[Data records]
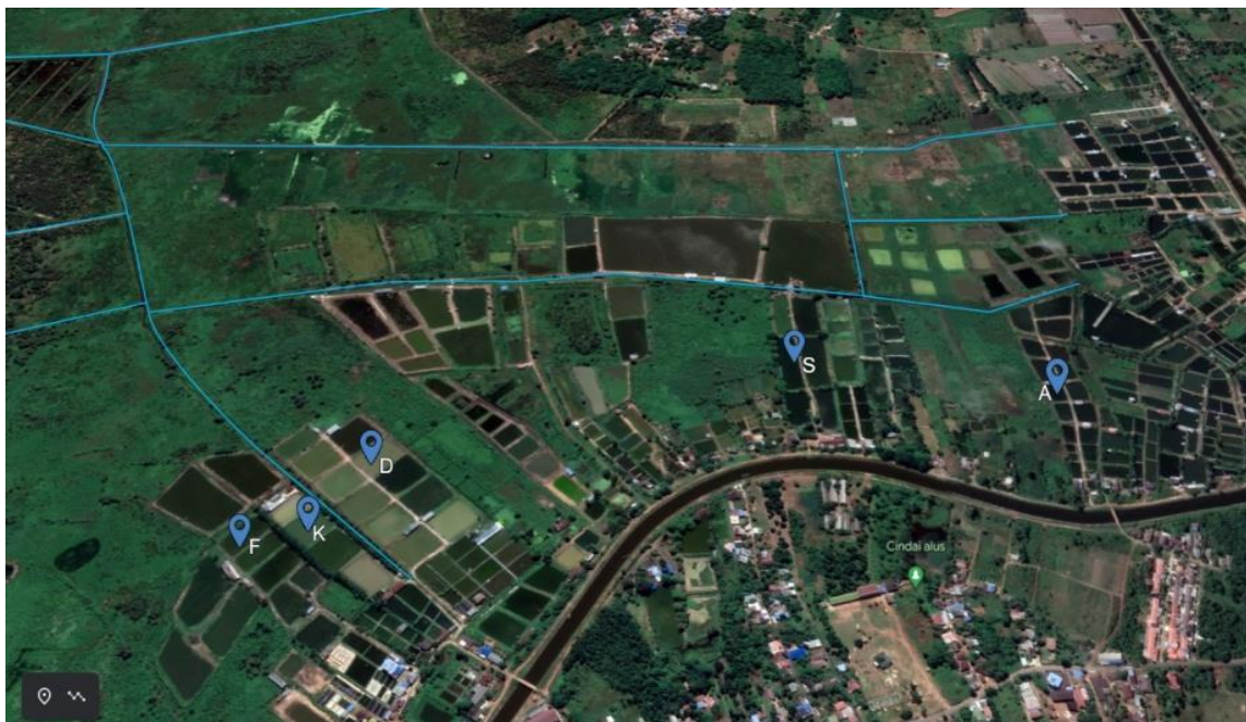
Fig. 2. Geographical Location Map
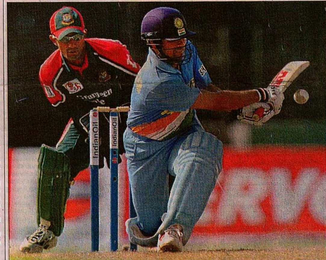
Master Indian batsman Sachin Tendulkar sweeps fine on way to scoring an unbeaten 82, his highest score against Bangladesh, at the Sinhalese Sports Club ground yesterday.

"It is impossible to prepare a proper wicket in the desert inside one year. I don't really see any chance of cricket being held there during the Asian Games."
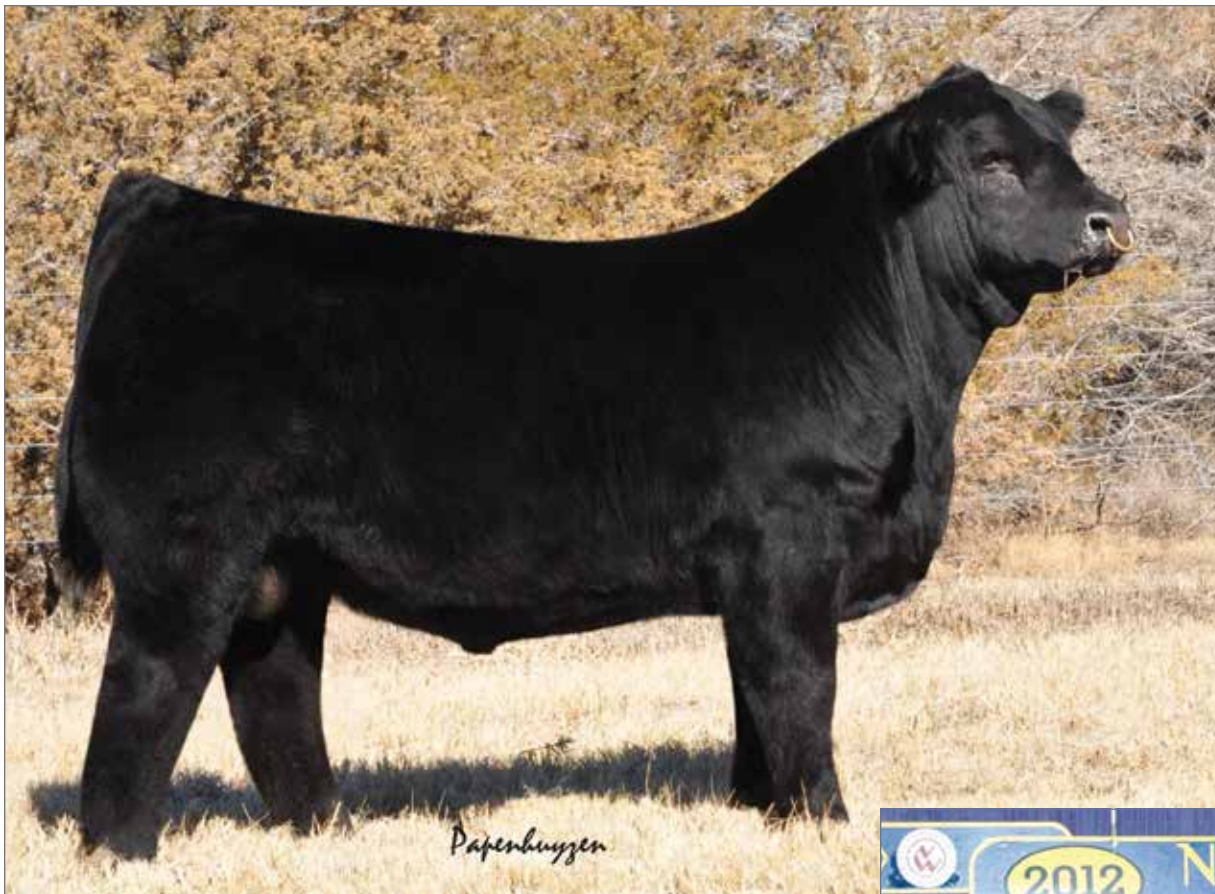
COTTAGE LAKE BORDER AGENT • Sire of Lot 15
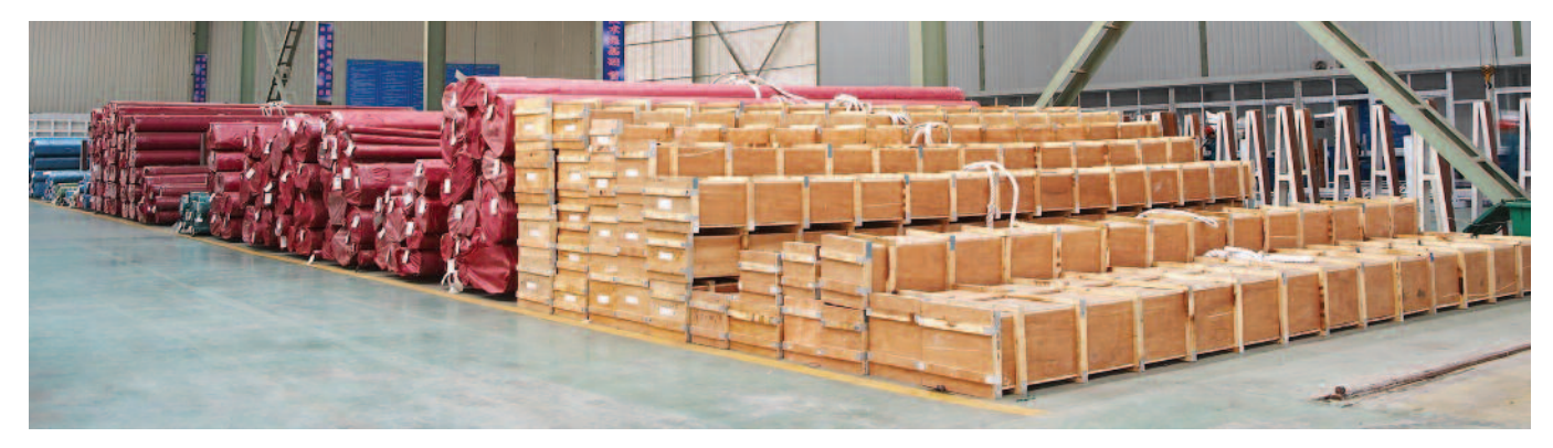
Stellar's finished products nowadays are sent to all four corners of the World.

Until recently 40% of Stellar's total exports went to Europe. However, this percentage has been considerably reduced due to the impact of European anti-dumping legislation. The European stockists that they used to deal with increasingly only purchase specialized products such as those with extra thicknesses and widths.

WHAT THE TASK REQUIRES: The lines from the one that contains "COTTAGE LAKE BORDER AGENT • Sire of Lot 15" through the end of the data, repeated exactly and with no pictures, make up the whole answer.

RESULT FOR THIS TASK:
COTTAGE LAKE BORDER AGENT • Sire of Lot 15
Stellar's finished products nowadays are sent to all four corners of the World.

Until recently 40% of Stellar's total exports went to Europe. However, this percentage has been considerably reduced due to the impact of European anti-dumping legislation. The European stockists that they used to deal with increasingly only purchase specialized products such as those with extra thicknesses and widths.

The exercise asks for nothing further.